Не отвечая Саевичу, Чулицкий с прищуром посмотрел на Можайского и спросил:
— Кто у нас во втором участке Петербургской части? Рачинский?
— Он самый: Константин Сергеевич, — ответил Можайский и тоже прищурился. — Нужно ему намекнуть, чтоб околоточных своих как следует вытянул. Или вы полагаете, что он и без нас всё знает?
Чулицкий призадумался, но все же покачал головой:
— Да нет, вряд ли. Скорее всего, и впрямь — упущение околоточного. Не всю подноготную метрдотеля выяснил…
Поскольку к «нашему» делу это неожиданно вскрывшееся обстоятельство не имеет никакого отношения, я, дорогой читатель, опущу последовавший далее диалог и только вскользь замечу: проведенная несколько дней спустя проверка выявила масштабную аферу, затеянную уголовным миром в ресторанной сети столицы, тщательно этим миром подготовленную и едва не возымевшую успех. Видавших, как говорится, виды полицейских поразили не только дерзость предприятия, но и то воистину в уме не укладывавшееся искусство, с каким матерые уголовники подступили к затее. На этом фоне даже казалось немножко обидным, что всё провалилось из-за сущего пустяка — случайно, по сути, оброненного Саевичем слова в не менее случайном, если разобраться, рассказе о его любовных перипетиях! Ничто из этого не попало в печать и поэтому осталось скрытым от широкой публики. Но в историю сыска, полагаю, вошло, причем навсегда и с весьма поучительной моралью.
Однако — к делу.
«Только попробуй не расплатиться», — злобно прошипел метрдотель, склонившись надо мной и — с улыбкой на публику — делая вид, что занят заботой о клиенте. — «Ты у меня небо в алмазах увидишь!»

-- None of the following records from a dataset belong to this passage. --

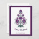 Julkort med Julgran med folkblommor och löv, inspirerat av folklore frÄn Lowicz med anpassade och adress fÀlt. Vit och lila bakgrund God jul!
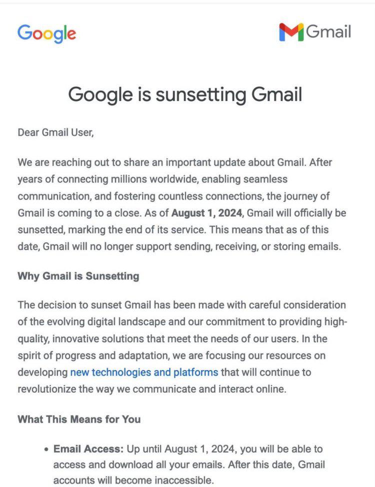 这份后来被证实为假的 " 公告 " 里声称," 在数字化发展和创新方案需求下,Gmail 旅程即将结束。我们将于 2024 年 8 月 1 日正式结束服务。在此日期后您将无法访问自己的 Gmail 邮箱。"
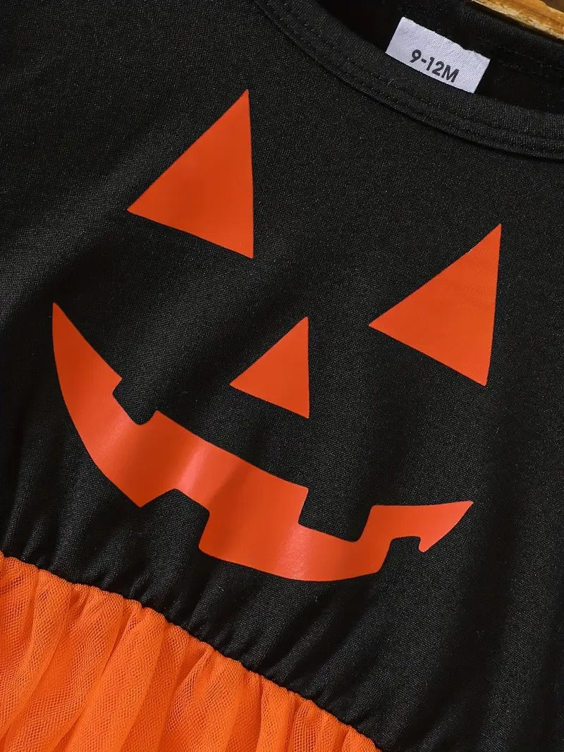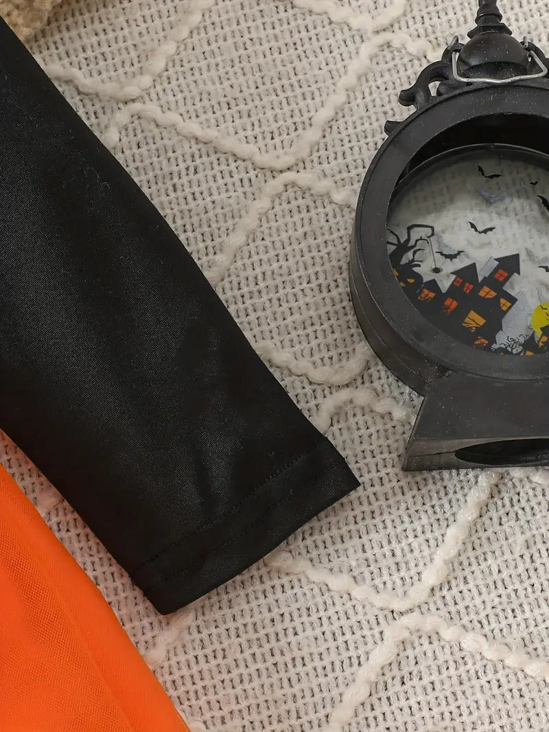 ¡Viste a tu pequeña para la noche de Halloween con este vestido adorable y festivo! Combina un top cómodo de manga larga con una falda de tul voluminosa para un look de calabaza que es tan dulce como un caramelo.
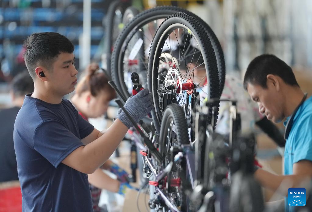 Staff members work at a workshop of a bicycle company in Lutai Economic Development Zone of Tangshan City, north China's Hebei Province, June 25, 2023. Lutai Economic Development Zone has upgraded its bicycle manufacturing sector and contributed to high-quality development in the regional economy in recent years. The annual output of the 46 bike-related enterprises in the zone has reached 5.5 billion yuan (about 761 million U.S. dollars). (Xinhua/Yang Shiyao)
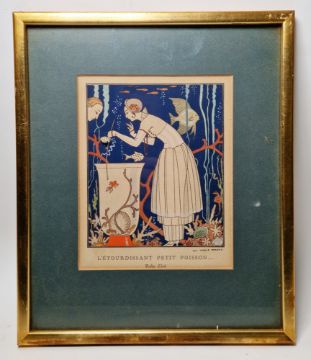 Georges Barbier (1882-1932)  Set of four handcoloured stencils Fashion plates including 'L'Etourdissant Petit Poisson', each 19cm x 11cm framed and glazed (4)
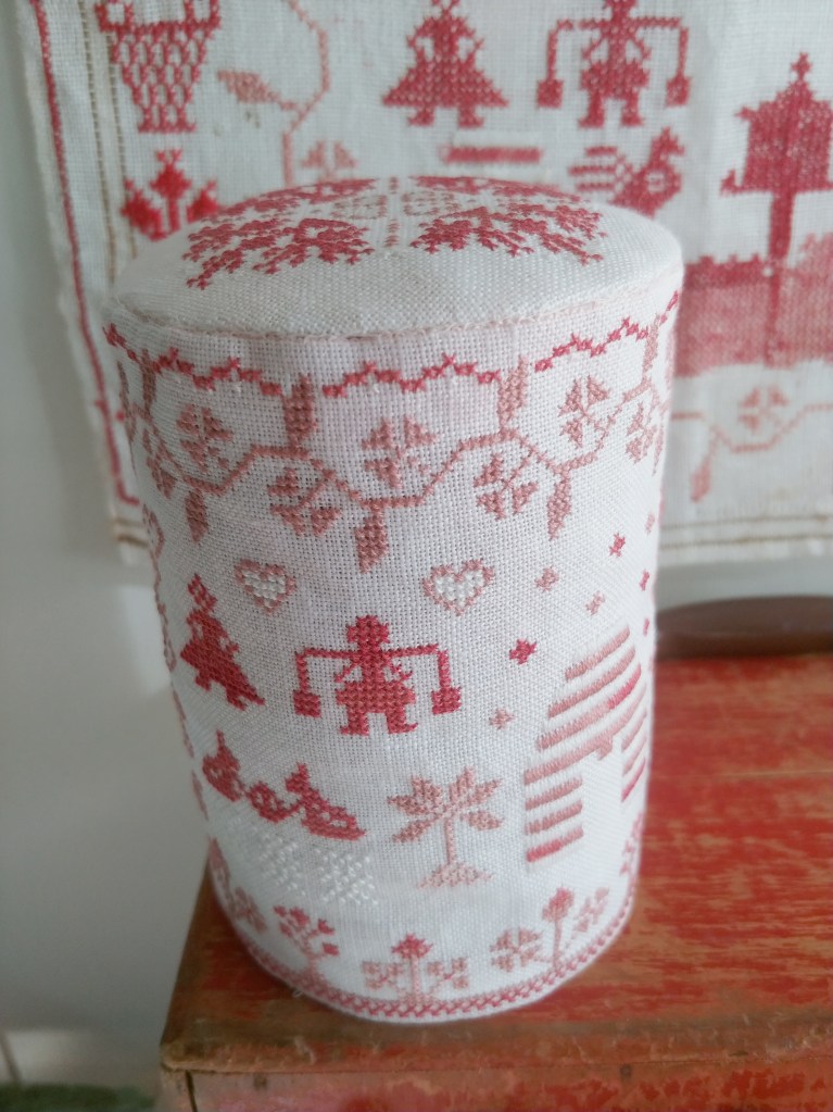 The chart contains both the complete antique reproduction, and the chart for the drum, so that you can stitch your preference (or both, if you’re keen!). While the drum pattern makes quite the chonky drum – you could also finish it flat by framing, if you prefer. But I must say, there’s nothing quite like turning your 2D stitching into a 3D object – there’s something so magical about the process!
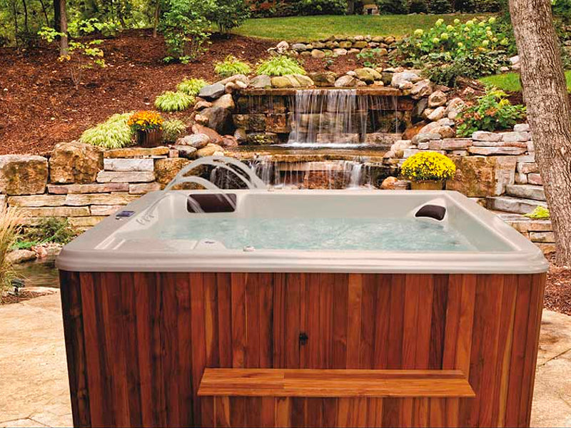 Tina de jardín de amplias dimensiones, para disfrutar con la familia y olvidarse del estrés. Su equipo de última generación mantiene el agua limpia y con la temperatura adecuada.

— Пошел вон! — я тоже перешел на «ты», окончательно избавившись от смущения. Метрдотель, не переставая улыбаться, выпрямился и удалился. Через минуту мной занялся официант. В отличие от своего начальника, этот держался спокойно и вежливо: без аффектации, искусственности и прочих неприятных штучек. Мы обсудили меню, я сделал заказ, а пока готовили первое блюдо, хлопнул стопку, наполнив ее из поданного на стол довольно вульгарного графина. Вот тут-то это и произошло!
Руки Саевича, в волнении своего владельца не находя себе места, беспокойно забегали по одежде. Они то поднимались к лацканам пиджака, вцепляясь в них тонкими и мелко подрагивавшими пальцами, то — как будто обтирая вспотевшие ладони — скользили по брючным швам, то, наконец, забирались в карманы, но и в них продолжали видимое движение.
— Танцуя — ее походка воистину показалась мне танцем! — она, снабдив какого-то очередного молодчика цветами из своей корзинки, двинулась ко мне, к моему столику, и я не верил своим глазам! Вы можете и мне не верить, как я не верил им, но, господа, я сразу же понял: она идет ко мне. На ее пути было еще несколько столиков, но в тот момент я был готов поклясться: ни у одного из них она не остановится. Так, собственно, и вышло. Обойдя их стороной, она подошла ко мне:
«Гвоздику?»
— Я смотрел на нее, не в силах вымолвить и слова. Подозреваю, что и выглядел я соответствующим образом. Хуже того: ко мне разом вернулось смущение, вызванное осознанием того, насколько отвратительно я был одет и каким чудовищем должен был казаться такому изумительному созданию!